2014 ACM/ICPC Asia Regional Guangzhou Online Wang Xifeng & #39; s Little Plot HDU5024, icpcxifeng

2014 ACM/ICPC Asia Regional Guangzhou Online Wang Xifeng's Little Plot HDU5024, icpcxifeng

A good enumeration + simulated question. Change thinking perspective

I did this question, N <= 100 in size, and thought it was a normal DFS search, so I wrote it dumbly. Various conditions limit the simulation process

However, a careful analysis shows that each vertex is traversed in all eight directions 100X100X100 ^ 8. X points, select from 8 when each point goes, TLE

So we changed it to another angle:

Take the compliant point as the turning point and walk in two vertical directions to find the farthest distance. In this way, you only need to know the length of each vertex and combine the corresponding values.

This avoids deep search for each vertex.

PS: When searching, x and y are reversed, leading to a problem in the diagram. Later, [dy] [dx] is used to indicate the position, and the front row changes.
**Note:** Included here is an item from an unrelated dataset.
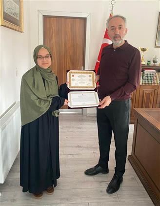Beylikdüzü İlçe Müftüsü Selami Sayın, Hacer Abdik Kız Kur’an Kursu Öğrencisi Elif Sude Ateş’e hafızlık belgesini takdim etti. İlçe Müftüsü Sayın, Kur’an hatmini bir günde tamamlayan öğrenciyi ve hocası Necmiye Kaya’yı tebrik ederek başarılarının devamını diledi.

It is best to write the search time mark at the beginning and end of the function to adapt to complex situations.

#include <stdio.h>#include <string.h>#include<iostream>using namespace std;#define mem(a) memset(a,0,sizeof(a))#define max(a,b) (a)>(b)?(a):(b)typedef __int64 LL;const LL maxn=10+100;int maps[maxn][maxn];int vis [maxn][maxn];int N,M,T;int dt[][2]={{0,-1},  {1,-1},  {1,0} , {1,1},  {0,1},  {-1,1},  {-1,0},  {-1,-1}};int step[8];int IsInBord(int x,int y){    if(x<0 || x>=N || y<0 || y>=N)        return 0;    return 1;}int main(){#ifndef ONLINE_JUDGE   // freopen("in.txt","r",stdin);#endif    int i,j,k;    char str[100];    while(scanf("%d",&N),N)    {        getchar();        mem(maps);        for(i=0;i<N;i++)        {            gets(str);            int len=strlen(str);            for(j=0;j<len;j++)            {                if(str[j]=='.')                    maps[i][j]=1;            }        }        int ans=0;        for(i=0;i<N;i++)            for(j=0;j<N;j++)            {                if(maps[i][j]==0 )                    continue;                int ai, aj;                for(k = 0; k < 8;k++)                {                    step[k] = 0;                    ai = i + dt[k][1];                    aj = j + dt[k][0];                    //cout<<"k"<<k<<","<<dt[k][1]<<","<<dt[k][0]<<endl;                    while(IsInBord(ai, aj) && maps[ai][aj] == 1)                    {                        step[k]++;                        ai += dt[k][1];                        aj += dt[k][0];                        //cout<<ai<<","<<aj<<","<<maps[ai][aj]<<endl;                    }                }                int res = 0;                for(k = 0; k < 8; k++)                {                    if(step[k] + step[(k + 2) % 8] + 1 > res)                    {                        res  = step[k] + step[(k + 2) % 8] + 1;                    }                }                ans = max(res, ans);            }    printf("%d\n",ans);    }    return 0;}

What is ACM/ICPC Asia Regional?

International. The finals are world-class. Asia belongs to the intercontinental and international level!